In [2]:
import pandas as pd
from sklearn.decomposition import PCA
import numpy as np
import matplotlib.pyplot as plt

### Helper Functions

In [3]:
def loadData(file):
    data = pd.read_csv(file)
    print('Raw shape: ',data.shape)
    data['Date'] = pd.to_datetime(data.Date)
    print('Days: ',len(set(data.Date)))
    return data

In [4]:
def getTimeSeries(df):
    table = pd.pivot_table(df, values='vehicle_count', index=['Date','Hour'],
                    columns=['DOLocationID'], aggfunc=np.sum, fill_value=0)
    return table

In [5]:
def zscoreNormalizeSpatial(matrix):
    for i in range(matrix.shape[0]):
        matrix[i, :] = (matrix[i, :] - matrix[i, :].mean()) / (matrix[i, :].std()+1e-10)
        
    return matrix

In [6]:
def getPCAFeatures(matrix, n=10):
    pca = PCA(n_components=n)
    pca.fit(matrix)
    reducedMatrixPCA = pca.transform(matrix)
    reducedMatrixPCA.shape

    reducedDict = {str(i+1):reducedMatrixPCA[:,i] for i in range(reducedMatrixPCA.shape[1])}
    reducedDf = pd.DataFrame(reducedDict)
    reducedDf.index = data.index
    return reducedDf

In [26]:
def getPCACost(matrix, n=10):
    pca = PCA(n_components=n)
    pca.fit(matrix)
    reducedMatrixPCA = pca.transform(matrix)
    reconMatrixPCA = pca.inverse_transform(reducedMatrixPCA)
    reconCost = np.sum(reconMatrixPCA - matrix, axis=1)

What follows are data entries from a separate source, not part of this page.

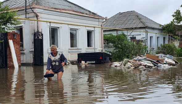 Жінка йде по затопленій вулиці після рясних опадів у Керчі, окупований Крим.
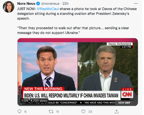 最初帮麦考尔传播谣言的CNN主播伯曼,以及他的制片人、CNN记者诺拉·纽斯(Nora Neus),也仍然在他们的社交账号上帮麦考尔扩散着所谓的“中国代表团不给乌克兰总统鼓掌”的说法。
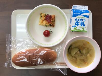 今日のメニューは、ミルクパン、チーズオムレツ、ミニトマト、野菜スープ、牛乳でした。
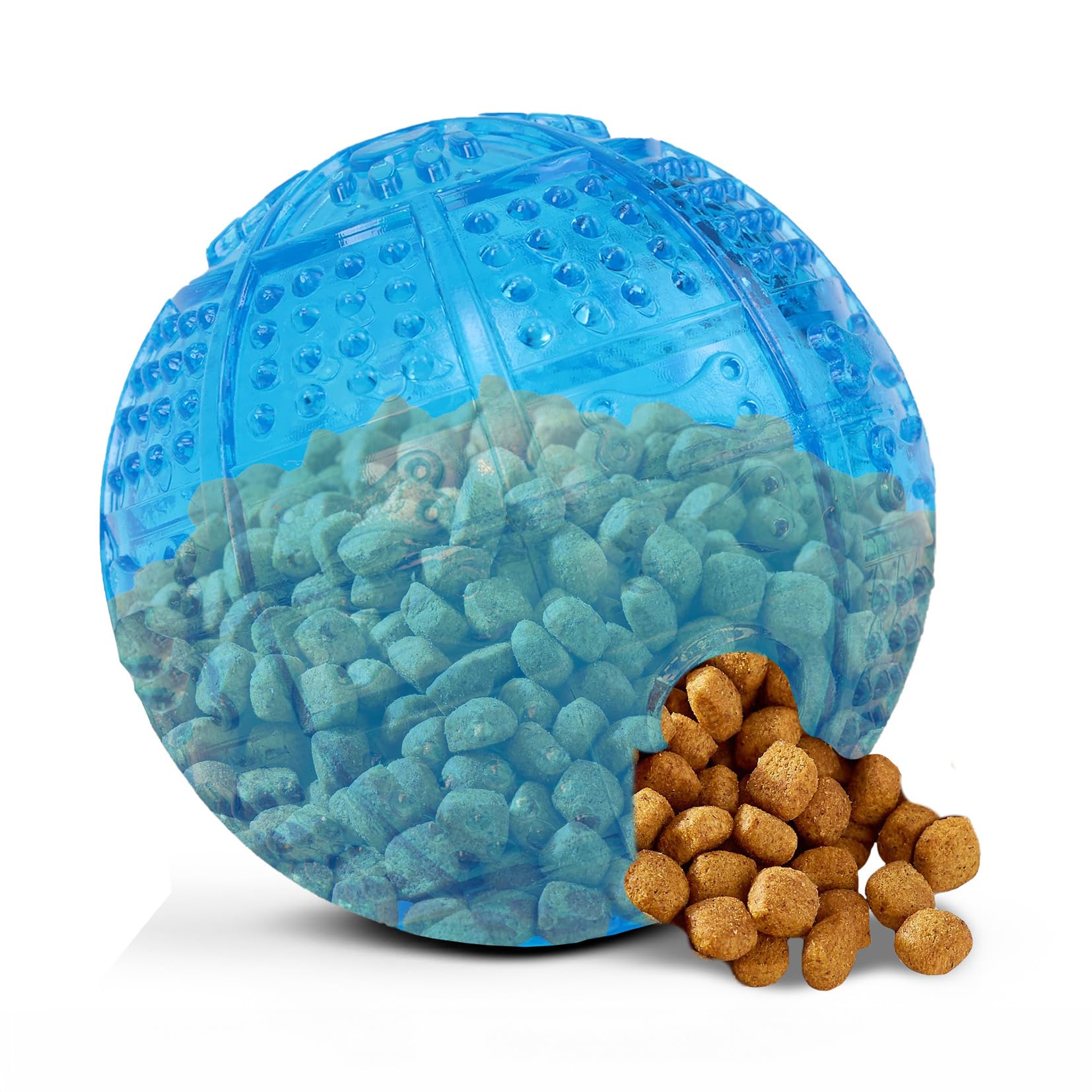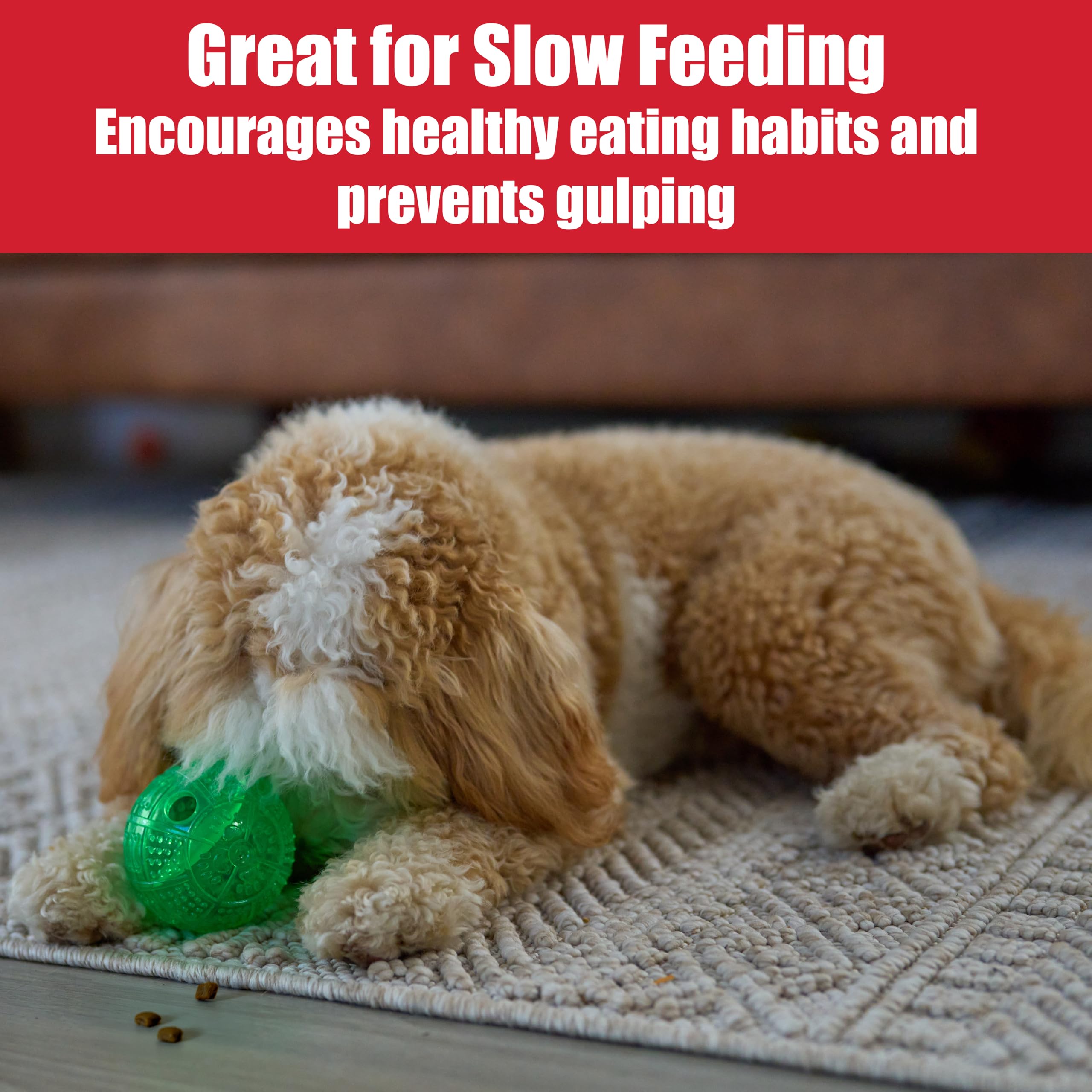 Constructed with an inner maze compartments, fill this ball with treats that will slowly dispense as the ball is rolled and played with to slow down meals

    reducedDict = {'rec_cost':reconCost}
    reducedDf = pd.DataFrame(reducedDict)
    reducedDf.index = data.index
    return reducedDf

#### Preparing Data

In [12]:
file = '/home/urwa/Documents/Projects/NYU Remote/project/data/JfkVehiceByHour.csv'

In [13]:
data = loadData(file)

Raw shape:  (4520160, 4)
Days:  730


In [14]:
data = getTimeSeries(data)

In [15]:
matrix = data.values

### Normalization

In [16]:
matrix = zscoreNormalizeSpatial(matrix)
matrix.shape

(17520, 258)

In [27]:
recCost = getPCACost(matrix,n=100)

In [28]:
recCost.head()

Unnamed: 0_level_0,Unnamed: 1_level_0,rec_cost
Date,Hour,Unnamed: 2_level_1
2017-01-01,0,1.368361
2017-01-01,1,1.787756
2017-01-01,2,-3.20123
2017-01-01,3,-11.87914
2017-01-01,4,-0.050818


In [29]:
recCost.to_csv('PCA_recon_cost_features.csv')